Based on current standards of practice, he is obligated to first recommend a comprehensive program of nonsurgical management. Numerous nonoperative treatment options are available to treat patients with OA of the knee. These include activity modification, physical therapy, nonsteroidal anti-inflammatory agents, and intra-articular injections (corticosteroid or hyaluronate). All patients with symptomatic OA of the knee should be treated according to these tenets before more aggressive (surgical) methods are employed. Only for some of those who do not respond should the surgical option be considered: patients with radiographic mild arthritis or near-normal alignment but not patients with valgus configurations or arthritis in both knees . So what should Dr. Janus recommend to Mr. Marcus and how should he convey it?

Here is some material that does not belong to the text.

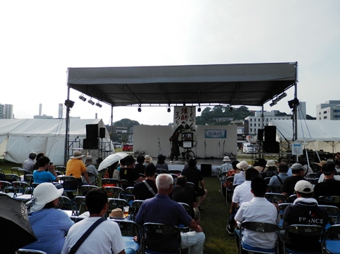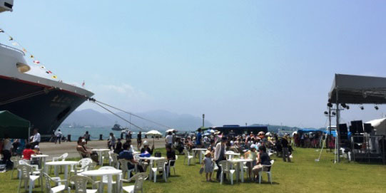 関門海峡の絶景と豪華客船を眼前に望み、また雲が無い晴天の青色と鮮やかな芝生の緑色のコンストラストが美しい当フェスタ会場で、本格的なオープンカフェを実施しました。
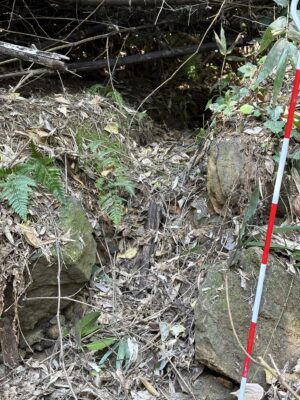 しかし、頑張った甲斐あって、水路跡?のような石組が出てきました。

The case description gives limited clinical information from which to base a definitive recommendation. Nonetheless we are told that Mr. Marcus has “severe” disease in the knee(s), implying an advanced, bilateral process, clinical characteristics that are known to correlate with a poor surgical outcome. Hence, based on recent evidence, he does not appear to be a good candidate for arthroscopic surgery. Presenting this opinion to such a hopeful patient will challenge Dr. Janus’s skills of care and communication.
Since the 1970s, the literature of medical ethics has been suffused by four major principles: respect for autonomy, nonmaleficence, beneficence, and justice, the first three of which have particular relevance to this case . Respect for patient autonomy means that patients have a right to request the treatment of their choice, which in Mr. Marcus’s case is to have surgery. Yet the work of caring for patients must simultaneously maximize benefit and minimize harm, goals that originate with the sometimes conflicting principles of beneficence and nonmaleficence. Dr. Janus must therefore ask himself, “Can the arthroscopy help this patient?”—a calculus that requires him to evaluate the potential benefits of the procedure in relation to the risks, while taking into account the wishes of the patient.
Although the risks of this surgery are typically small, available evidence suggests that the benefit of such surgery is likely to be low; indeed clinical experience suggests such intervention may in some instances exacerbate the symptoms and accelerate joint deterioration. Therefore, though for some patients (such as Mr. Marcus’s friend) the procedure may prove beneficial, for Mr. Marcus himself this is unlikely to be the case. Given the low likelihood of success, indeed the potential for making his condition worse, Dr. Janus should advise against surgery and advocate for a more conservative therapeutic strategy. It is critical for Dr. Janus to explain the reasoning and justification for his advice and to ensure that Mr. Marcus comprehends the explanation and, ultimately, finds it satisfactory.